Segment Start: Given information

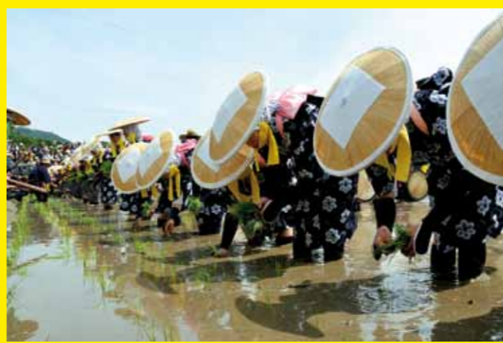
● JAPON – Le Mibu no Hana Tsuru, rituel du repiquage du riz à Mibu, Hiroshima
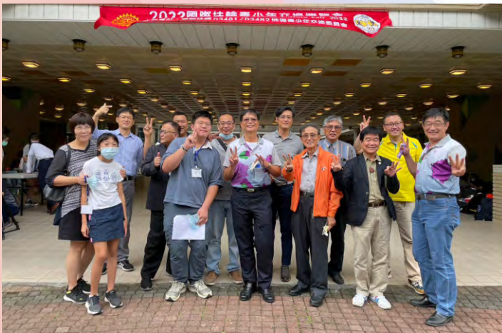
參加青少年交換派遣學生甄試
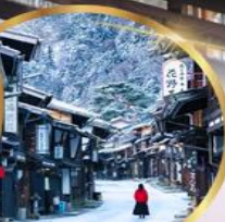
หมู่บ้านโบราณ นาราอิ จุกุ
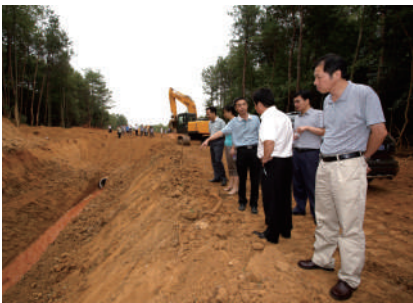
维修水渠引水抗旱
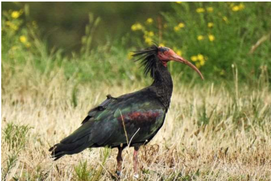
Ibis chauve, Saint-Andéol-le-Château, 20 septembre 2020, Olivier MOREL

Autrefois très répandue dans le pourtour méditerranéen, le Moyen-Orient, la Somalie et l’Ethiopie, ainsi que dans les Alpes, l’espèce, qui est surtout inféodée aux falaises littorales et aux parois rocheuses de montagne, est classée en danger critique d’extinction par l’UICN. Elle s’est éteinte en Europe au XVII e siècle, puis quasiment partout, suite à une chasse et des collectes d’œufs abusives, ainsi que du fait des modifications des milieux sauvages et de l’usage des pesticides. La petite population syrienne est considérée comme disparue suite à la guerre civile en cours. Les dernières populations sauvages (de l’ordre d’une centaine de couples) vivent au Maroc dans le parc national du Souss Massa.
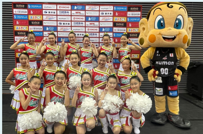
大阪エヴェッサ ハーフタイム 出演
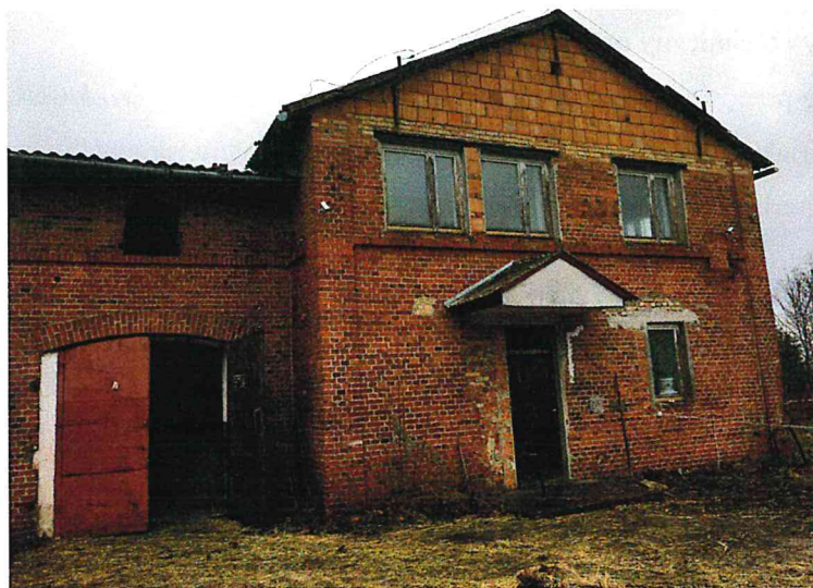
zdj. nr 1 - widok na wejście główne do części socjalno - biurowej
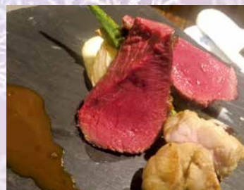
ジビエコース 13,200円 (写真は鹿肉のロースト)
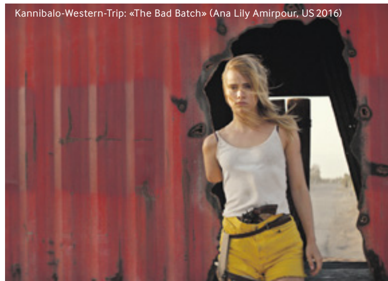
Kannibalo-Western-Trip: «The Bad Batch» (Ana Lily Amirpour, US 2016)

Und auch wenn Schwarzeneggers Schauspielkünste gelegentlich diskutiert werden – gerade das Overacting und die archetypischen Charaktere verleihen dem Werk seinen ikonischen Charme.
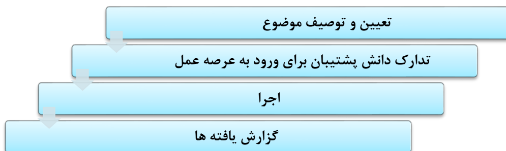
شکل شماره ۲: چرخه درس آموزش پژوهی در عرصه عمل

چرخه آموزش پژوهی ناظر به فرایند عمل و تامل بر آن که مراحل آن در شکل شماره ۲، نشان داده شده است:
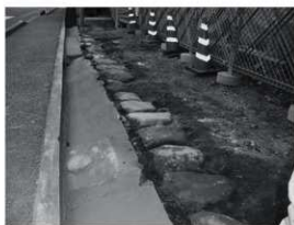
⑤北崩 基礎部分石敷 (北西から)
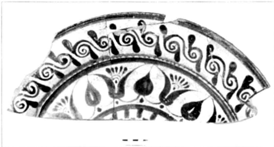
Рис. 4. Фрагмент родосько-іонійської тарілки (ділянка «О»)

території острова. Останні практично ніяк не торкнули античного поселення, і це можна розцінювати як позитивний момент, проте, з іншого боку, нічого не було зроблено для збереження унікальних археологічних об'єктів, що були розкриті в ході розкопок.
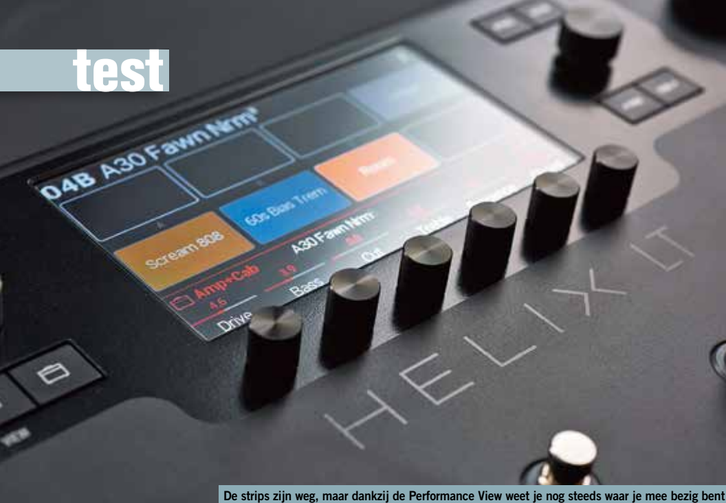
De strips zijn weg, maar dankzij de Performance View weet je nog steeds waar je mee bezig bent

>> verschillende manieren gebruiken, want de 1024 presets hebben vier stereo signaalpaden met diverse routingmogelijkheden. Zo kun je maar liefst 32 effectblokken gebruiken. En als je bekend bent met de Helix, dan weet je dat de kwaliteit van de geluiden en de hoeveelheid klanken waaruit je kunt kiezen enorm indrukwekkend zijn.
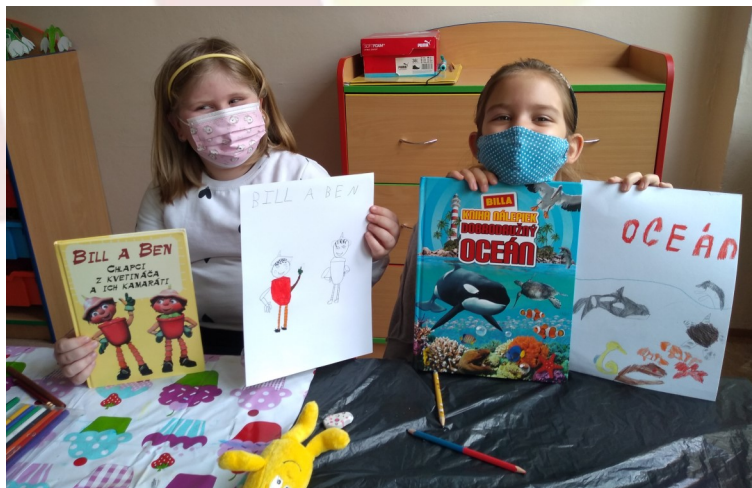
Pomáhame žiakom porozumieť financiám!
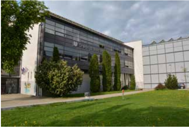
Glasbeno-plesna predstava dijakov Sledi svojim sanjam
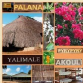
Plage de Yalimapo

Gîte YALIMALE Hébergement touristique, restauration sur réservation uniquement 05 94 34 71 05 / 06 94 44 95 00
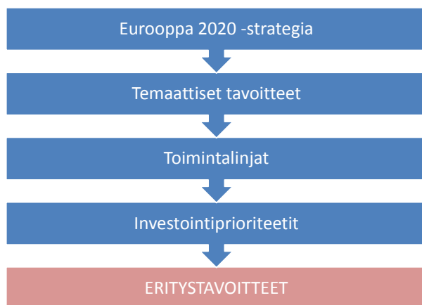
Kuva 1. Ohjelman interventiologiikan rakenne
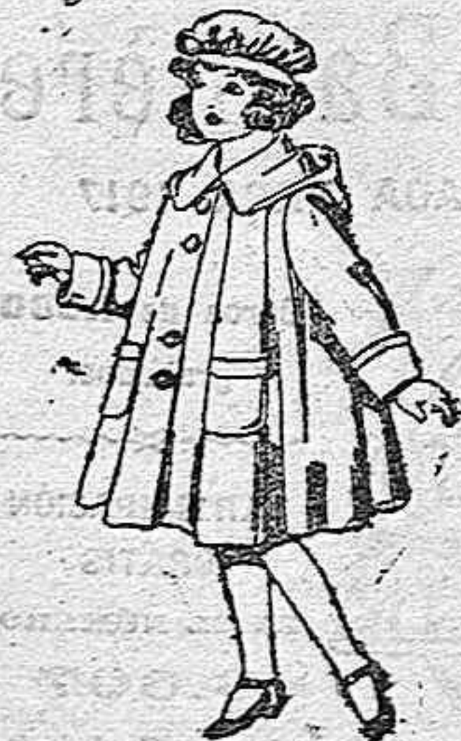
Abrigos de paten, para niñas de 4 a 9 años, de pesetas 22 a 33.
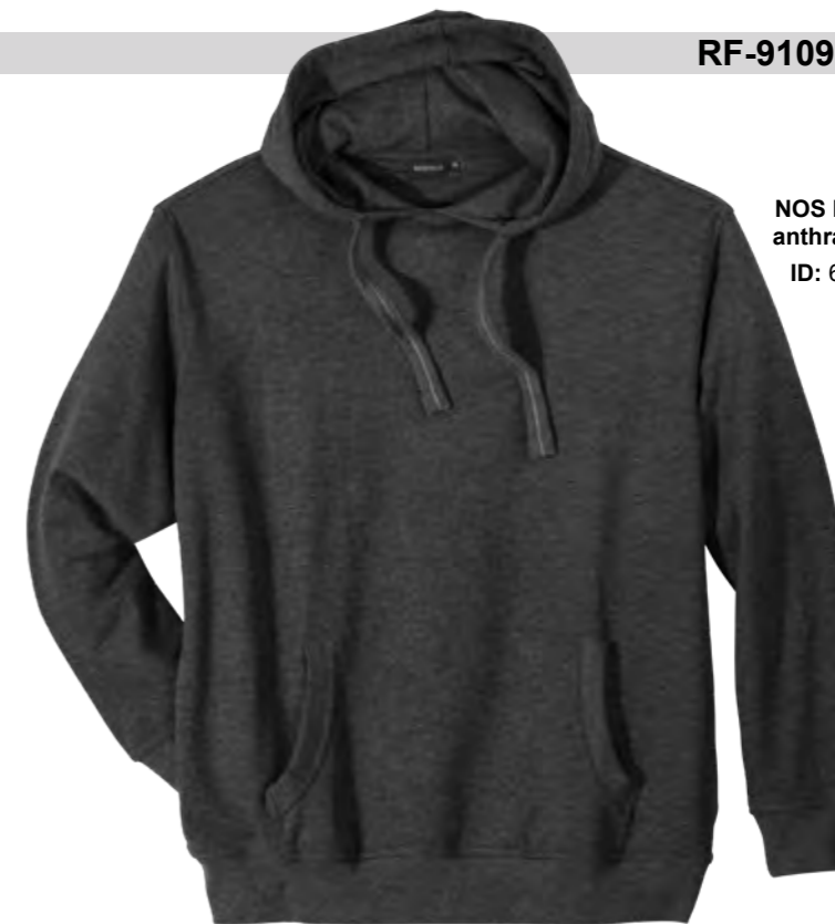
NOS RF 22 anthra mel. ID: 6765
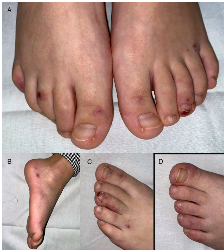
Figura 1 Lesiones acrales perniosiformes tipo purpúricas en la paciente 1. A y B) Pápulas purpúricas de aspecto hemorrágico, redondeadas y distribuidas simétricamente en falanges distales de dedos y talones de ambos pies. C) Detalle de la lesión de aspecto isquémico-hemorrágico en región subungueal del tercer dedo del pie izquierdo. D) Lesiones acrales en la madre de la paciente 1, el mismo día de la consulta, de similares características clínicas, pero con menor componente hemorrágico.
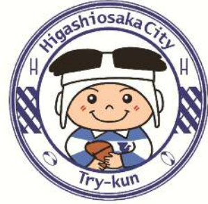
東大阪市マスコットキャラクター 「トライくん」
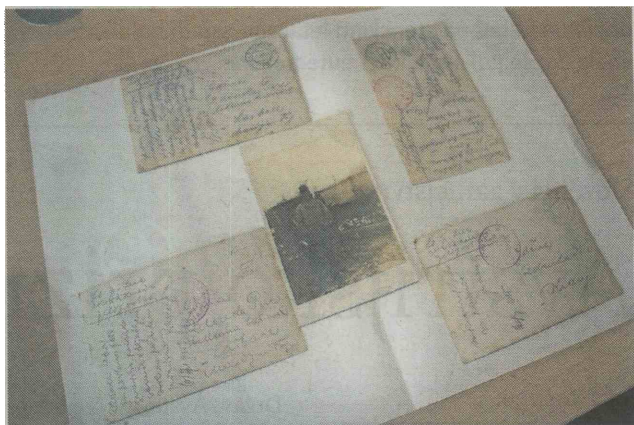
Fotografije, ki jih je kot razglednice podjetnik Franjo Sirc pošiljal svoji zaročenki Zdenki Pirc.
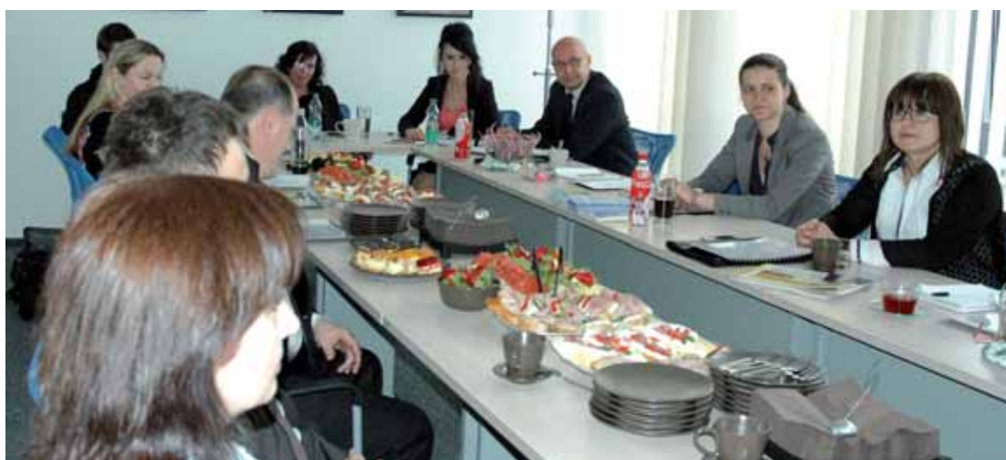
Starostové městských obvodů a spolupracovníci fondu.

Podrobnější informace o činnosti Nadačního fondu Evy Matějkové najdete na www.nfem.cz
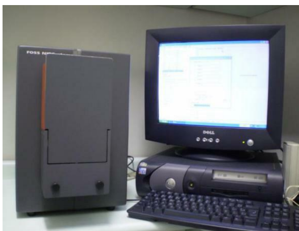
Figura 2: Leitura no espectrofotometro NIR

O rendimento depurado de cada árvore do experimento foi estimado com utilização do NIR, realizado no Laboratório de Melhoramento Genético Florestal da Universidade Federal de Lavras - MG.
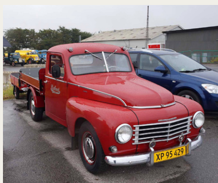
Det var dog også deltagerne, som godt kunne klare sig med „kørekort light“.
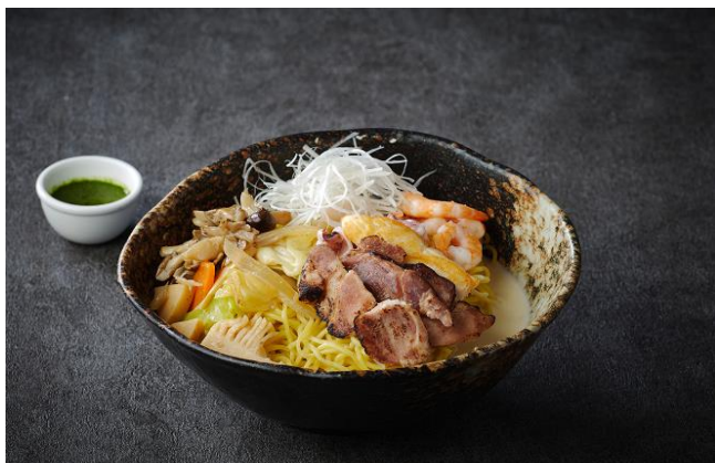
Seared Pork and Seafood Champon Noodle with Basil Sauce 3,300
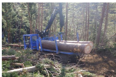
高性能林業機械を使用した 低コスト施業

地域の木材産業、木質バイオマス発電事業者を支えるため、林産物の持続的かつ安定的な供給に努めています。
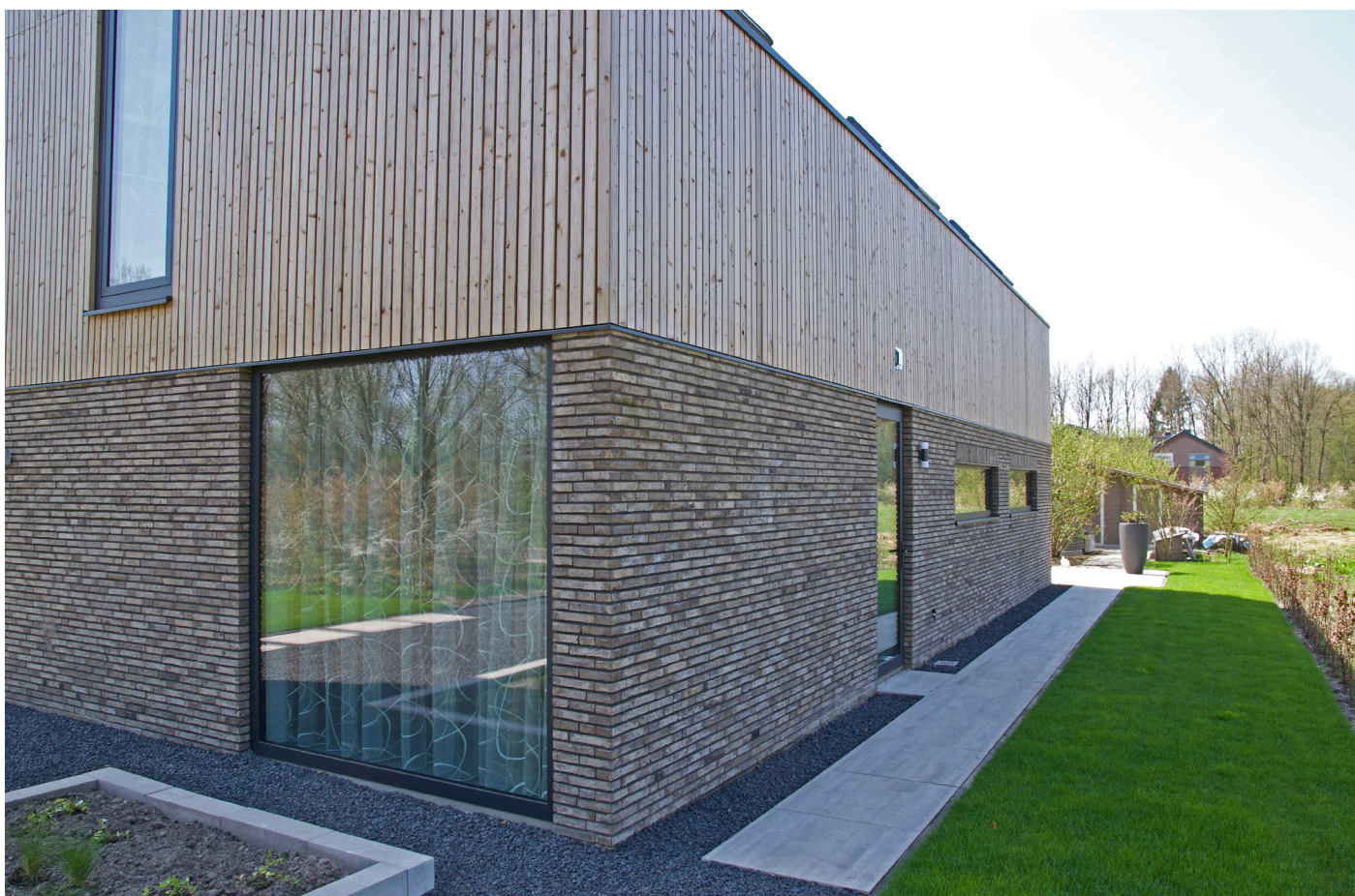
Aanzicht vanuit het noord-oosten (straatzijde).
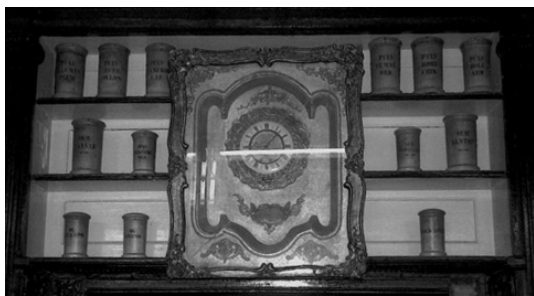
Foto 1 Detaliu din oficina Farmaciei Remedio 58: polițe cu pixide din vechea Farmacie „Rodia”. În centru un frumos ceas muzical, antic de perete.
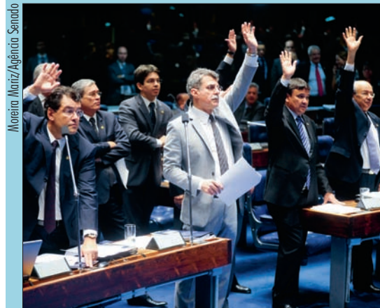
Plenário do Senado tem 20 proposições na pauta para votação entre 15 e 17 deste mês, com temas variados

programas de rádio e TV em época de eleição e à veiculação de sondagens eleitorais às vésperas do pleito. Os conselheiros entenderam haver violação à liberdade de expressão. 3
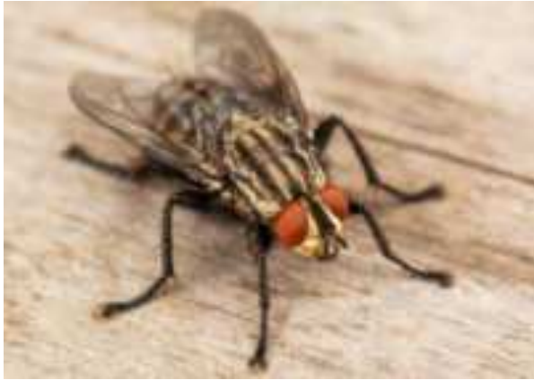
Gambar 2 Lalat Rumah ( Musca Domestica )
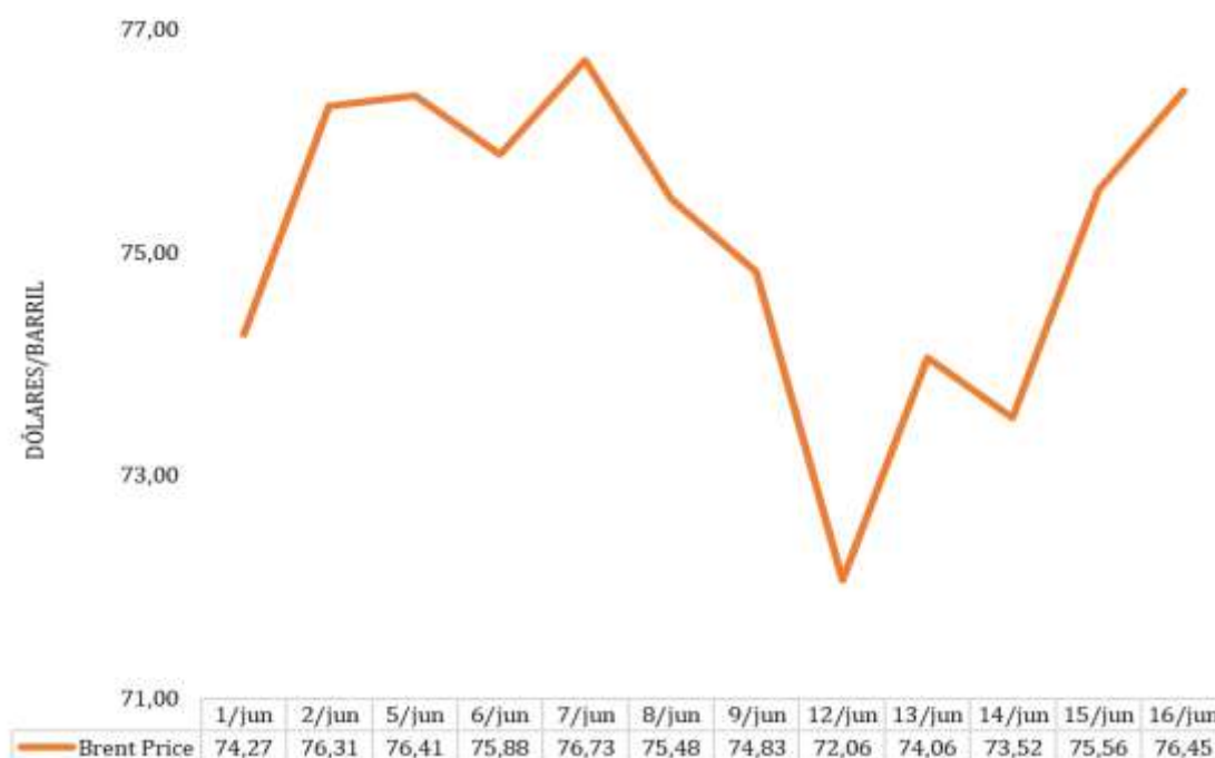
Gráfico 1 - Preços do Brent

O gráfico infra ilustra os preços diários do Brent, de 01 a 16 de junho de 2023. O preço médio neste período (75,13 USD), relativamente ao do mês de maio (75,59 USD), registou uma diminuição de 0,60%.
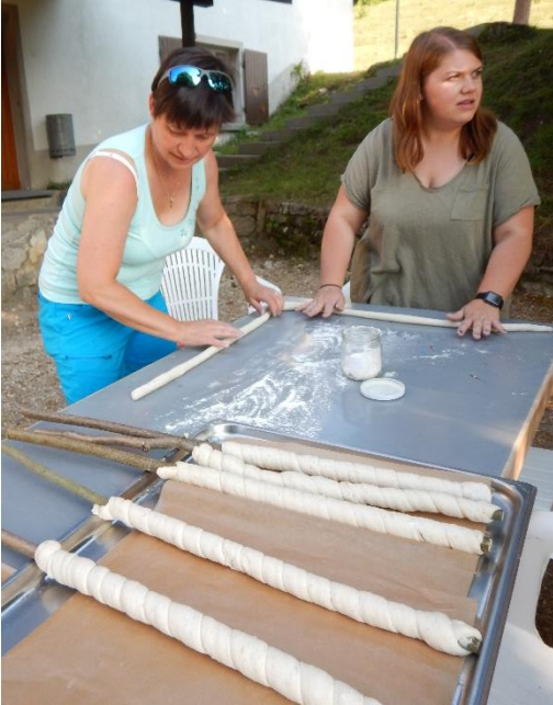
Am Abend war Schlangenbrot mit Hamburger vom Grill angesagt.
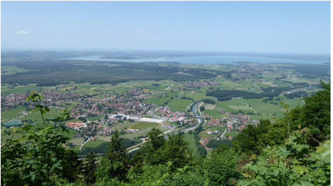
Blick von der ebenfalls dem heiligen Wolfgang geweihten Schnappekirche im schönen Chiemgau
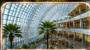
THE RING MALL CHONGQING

Segment End: Given information

Start at the line containing "Рис. 4. Фрагмент" above and stop at the line containing "De strips zijn". Output those lines exactly, both included, but none of the pictures.

Рис. 4. Фрагмент родосько-іонійської тарілки (ділянка «О»)

території острова. Останні практично ніяк не торкнули античного поселення, і це можна розцінювати як позитивний момент, проте, з іншого боку, нічого не було зроблено для збереження унікальних археологічних об'єктів, що були розкриті в ході розкопок.
De strips zijn weg, maar dankzij de Performance View weet je nog steeds waar je mee bezig bent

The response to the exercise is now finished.